Scientists have determined the three-dimensional atomic structure of a protein that is important for organ functions.
The protein, called HIP14, is involved in the homeostasis of organelles, which are the cell’s tiny organ-like structures. HIP14 is essential for the recycling of lipid vesicles, tiny bubbles that play a key role in many cellular processes.
HIP14 belongs to a class of proteins called lipid transporters, which shuttle lipids around the cell. Defects in lipid transport are linked to a number of diseases, including cancer, diabetes, and Alzheimer’s disease.
The new study, published in the journal Nature, provides the first glimpse of how HIP14 works at the atomic level.
“Our results show how HIP14 inserts itself into membranes and how it uses its ‘paws’ to grip and release lipids,” said study co-lead author Jeffrey Duong, PhD, of the University of California, San Francisco (UCSF).
“This insight could lead to the development of drugs that specifically target HIP14 and other lipid transporters to treat diseases associated with lipid dysregulation.”
HIP14 is a type of protein known as a P-type ATPase. ATPases are enzymes that use energy from ATP, the cell’s energy currency, to power a variety of cellular processes.
P-type ATPases are found in all organisms and are responsible for a wide range of essential functions, from pumping calcium ions across cell membranes to regulating the acidity of organelles.
HIP14 is a P-type ATPase that is found in the endoplasmic reticulum (ER), a network of membranes that play a key role in lipid homeostasis.
The ER is responsible for manufacturing, storing, and transporting lipids. It is also the site of lipid remodeling, a process by which lipids are recycled and reused.
HIP14 is required for the recycling of lipid vesicles in the ER. Lipid vesicles are tiny bubbles that are formed when lipid molecules coalesce.
They play a key role in many cellular processes, including cell signaling, membrane trafficking, and lipid storage.
Lipid vesicles are constantly being formed and broken down in the ER. When a vesicle is no longer needed, it is recycled back into the ER membrane.
This process is known as lipid vesicle budding and is essential for maintaining the correct balance of lipids in the cell.
HIP14 is required for the release of lipid vesicles from the ER membrane. Without HIP14, the vesicles would become trapped in the membrane and would eventually be degraded.

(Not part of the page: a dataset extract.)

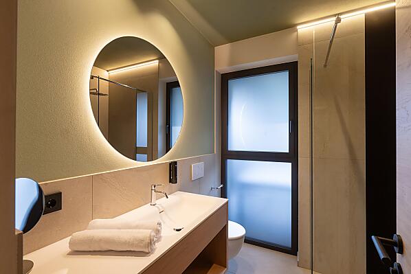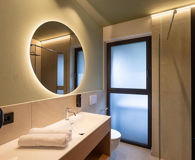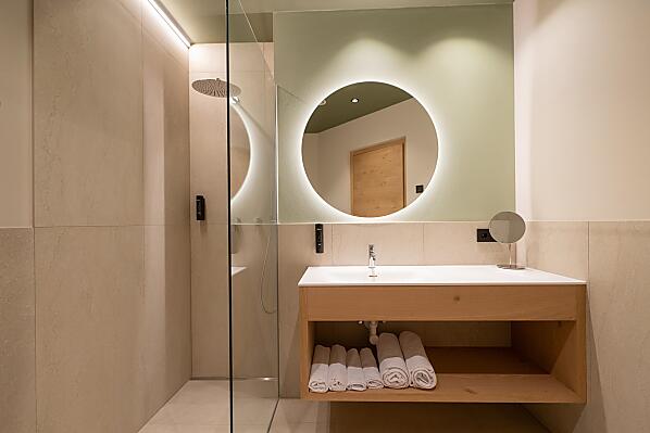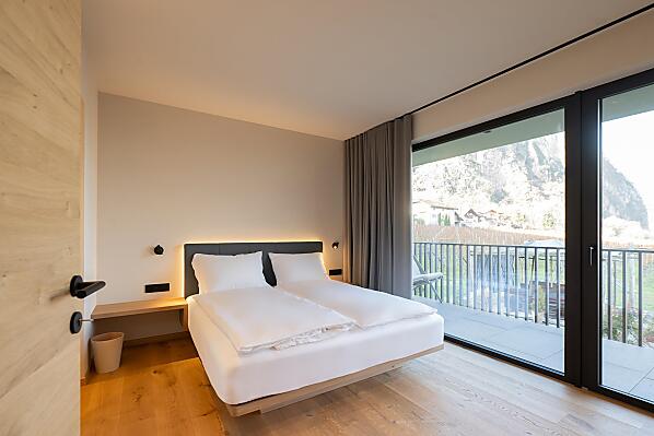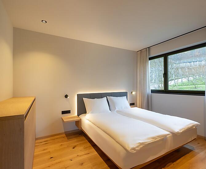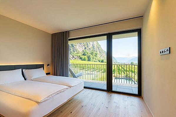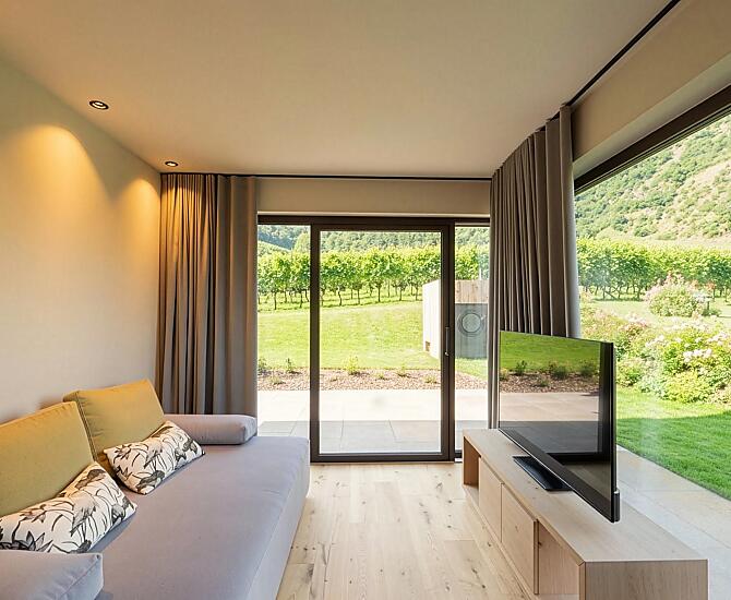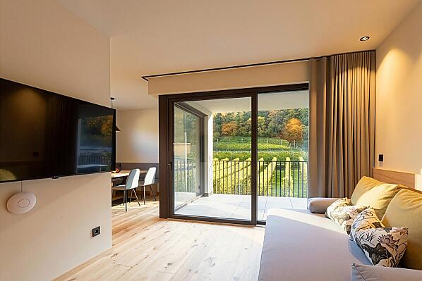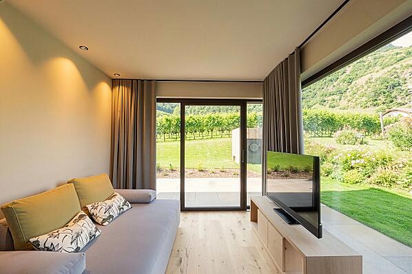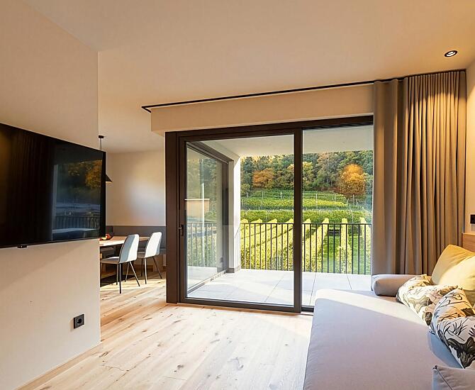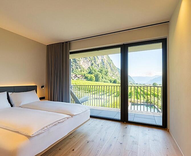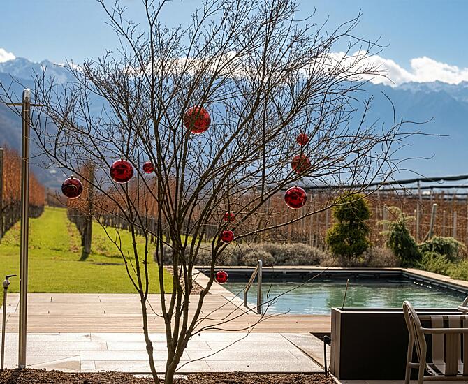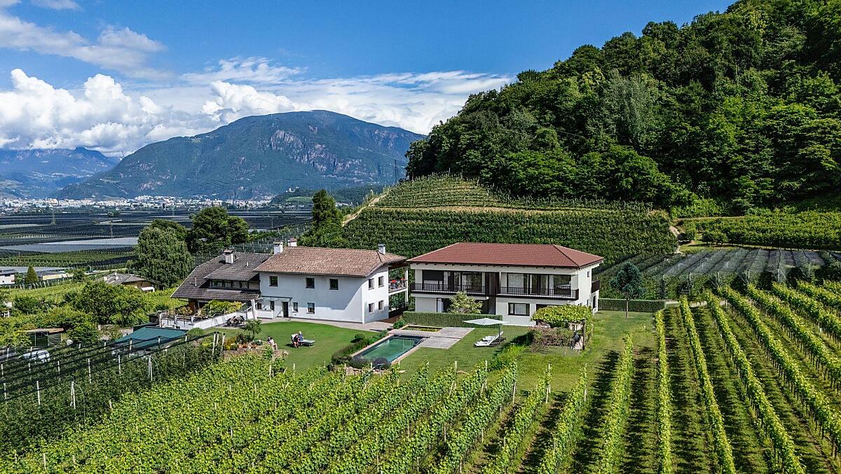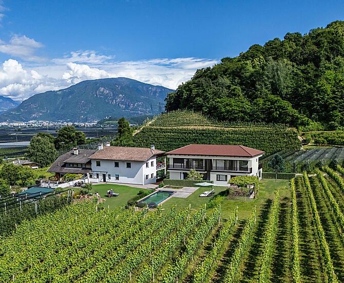 Our farm is located in the charming village of Unterrain in Eppan, nestling amidst vineyards, apple orchards and the proud castles of the surrounding area. Just a few minutes from Bolzano-Bozen, you are surrounded by nature yet close to the action. A place that offers peace and quiet and space – and where we welcome you with open arms, a smile and many little moments of happiness. Our organic pool blends in harmoniously and is operated in a resource-saving manner without the use of chemicals. Everything is designed to make you feel good.
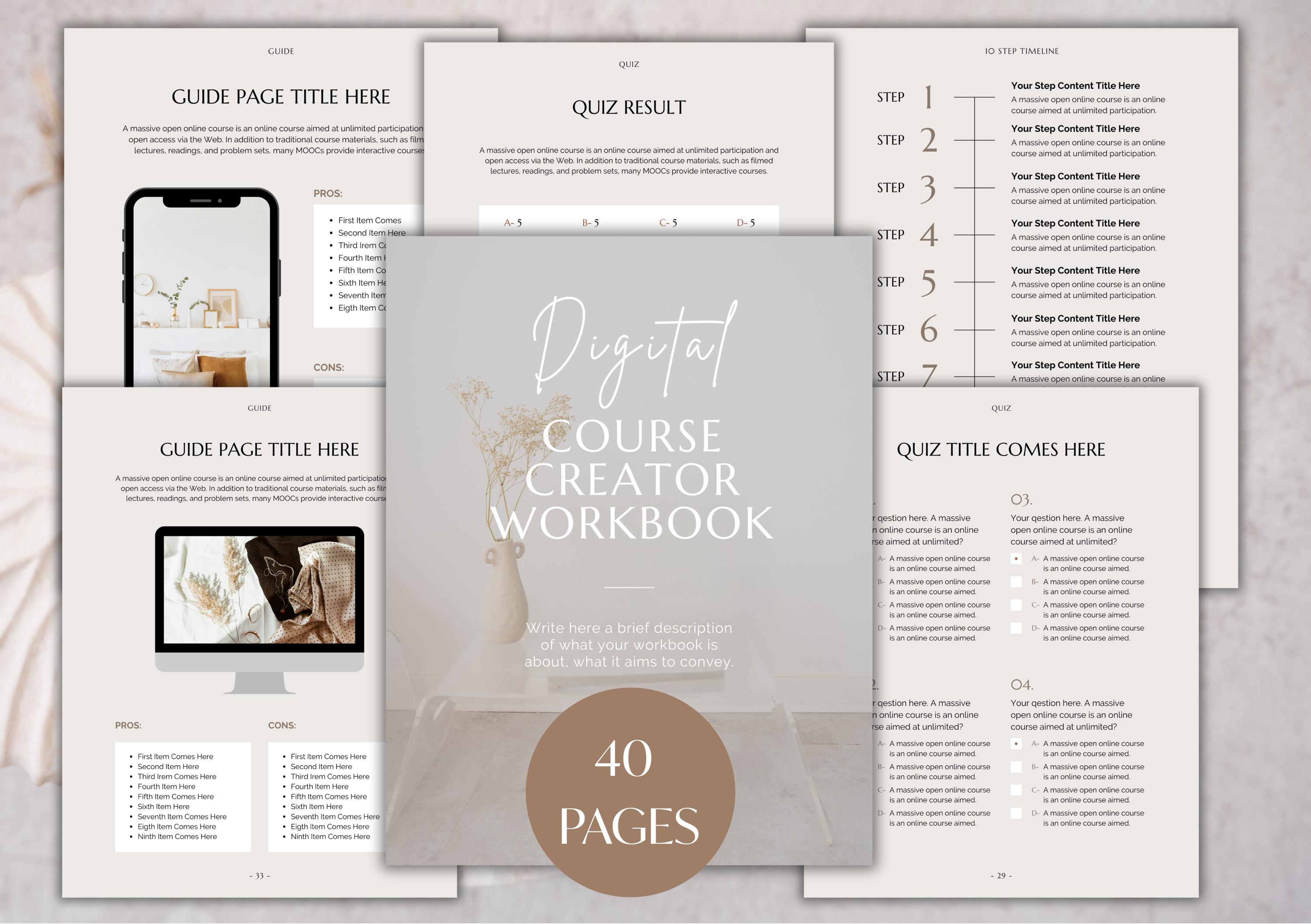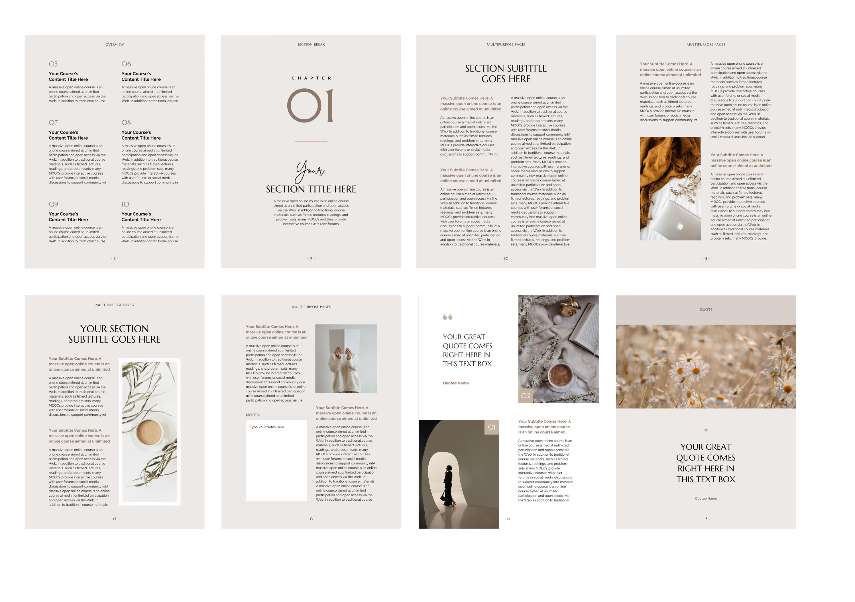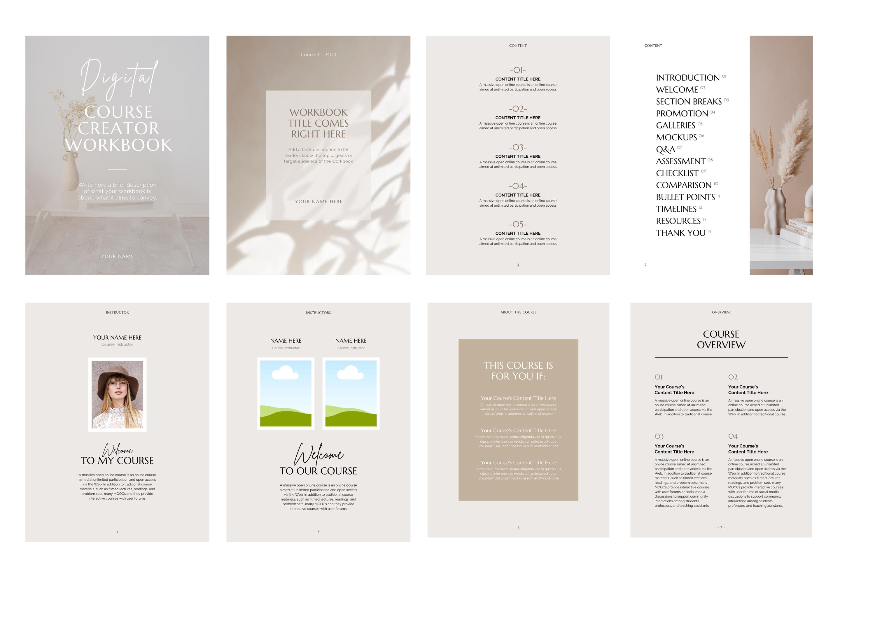 Crafted in a soft beige palette and timeless typeface, each page is thoughtfully designed to bring clarity, flow, and visual balance to your course materials.

“HIP14 is a key player in lipid homeostasis,” said study co-lead author Wei Lü, PhD, of UCSF.
“Lipid dysregulation is linked to a number of diseases, and understanding how HIP14 works at the atomic level could lead to the development of drugs that target this protein to treat these diseases.”
In a new study, researchers have determined the three-dimensional atomic structure of a protein important for organ functions.
This protein, called HtrA2, is a chaperone protein that helps other proteins fold correctly. Mutations in the HtrA2 gene have been linked to several diseases, including Parkinson’s disease, Alzheimer’s disease, and cancer.
Despite its importance, the three-dimensional structure of HtrA2 has remained elusive. In the new study, the researchers used a technique called cryo-electron microscopy to obtain a high-resolution 3D structure of HtrA2.
The results revealed that HtrA2 consists of four main domains: an N-terminal domain, a chaperone domain, an ATPase domain, and a PDZ domain. The PDZ domain is known to interact with other proteins, including the huntingtin protein linked to Huntington’s disease.
The 3D structure of HtrA2 provides new insights into how this protein functions and could be used to develop new drugs for the treatment of HtrA2-related diseases.